Sentuhan dalam kesenian debus dalam hal sentuhan itu sudah biasa, dan yang paling
utama dalam kesenian debus Banten adalah untuk tidak menyombongkan diri. Dalam hal
sentuhan kita tahu bahwa golok itu tajam, tetapi bila kita tidak memegangnya atau
menyentuhkan kita tidak akan tahu bahwa golok itu tajam. Dan orang lebih menilai
bahwa debus itu seram dan menakutkan tanpa kita coba kita tidak akan bisa menilai apa
arti sesungguhnya dibalik sentuhan kesenian debus itu apa. Jadi semua sentuhan
mengandung arti dan filosofi.
C. KESIMPULAN
Dari makna komunikasi nonverbal yang disampaikan dalam kesenian debus Banten
yaitu dengan adanya pagelaran debus Banten bertujuan untuk mempererat tali silaturahmi
antara pemain debus dengan masyarakat sekitar baik masyarakat lokal maupun
masyarakat luar. Karena masyarakat khususnya pribumi Banten menilai bahwa
mempererat tali siraturahim dapat memanjangkan umur kita sehingga dapat terjalinnya
persaudaraan antara adat, suku, bahkan agama. Dan yang kedua selain untuk mempererat
tali silaturahim, kita mengetahui bahwa bangsa Indonesia ini memiliki berbagai seni dan
budaya yang beragam. Salah satunya adalah kesenian Debus yang asli dari provinsi
Banten. Untuk itu kita sebagai warga Negara asli dan warga Banten kita harus
bertanggung jawab untuk melestarikannya jangan sampai kesenian ini punah apalagi
direbut oleh Negara tetangga karena budaya merupakan warisan dari leluhur kita.

DAFTAR PUSTAKA
Fahdiah, S. (2019). Sastra dan Budaya Lokal:(Konstruksi Identitas Masyarakat
Banten Dalam Seni Pertunjukan Debus). Uwais Inspirasi Indonesia.

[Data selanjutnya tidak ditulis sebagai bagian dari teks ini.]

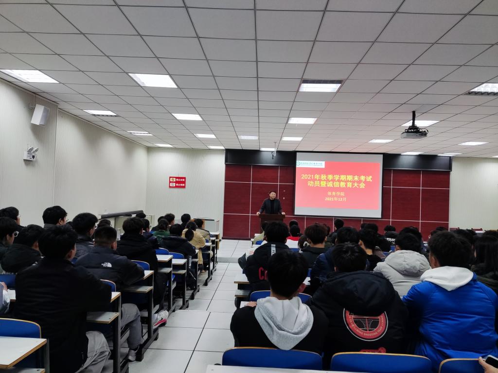 为促进我院学生尽快投入到期末备考,加强诚信考试的意识,树立正确的考试观念,激发学生的学习动力,促使学生积极投入到期末考试的复习中去,我院于12月14日下午在体育馆多媒体教室召开2021年秋季学期期末考试动员暨诚信教育大会。我院党委副书记柴九昌、团委老师程俊辉,2021级全体学生、2018级、2019级、2020级部分学生参加。

Elvandari, E. (2020). Sistem Pewarisan Sebagai Upayah Pelestarian Seni Tradisi.
Jurnal Seni Drama Tari Dan Musik, 3(1), 93–104.
https://journal.unesa.ac.id/index.php/geter/index
Sulaiman. (2016). Sekilas Mengenal Debus. Surabaya: Jepe Press Media Utama.
Adetunji, R.R & Sze, K.P. 2012. Understanding Nonverbal Communication across
Cultures: A Symbolic Interactionism Approach, I-come,1:1-8.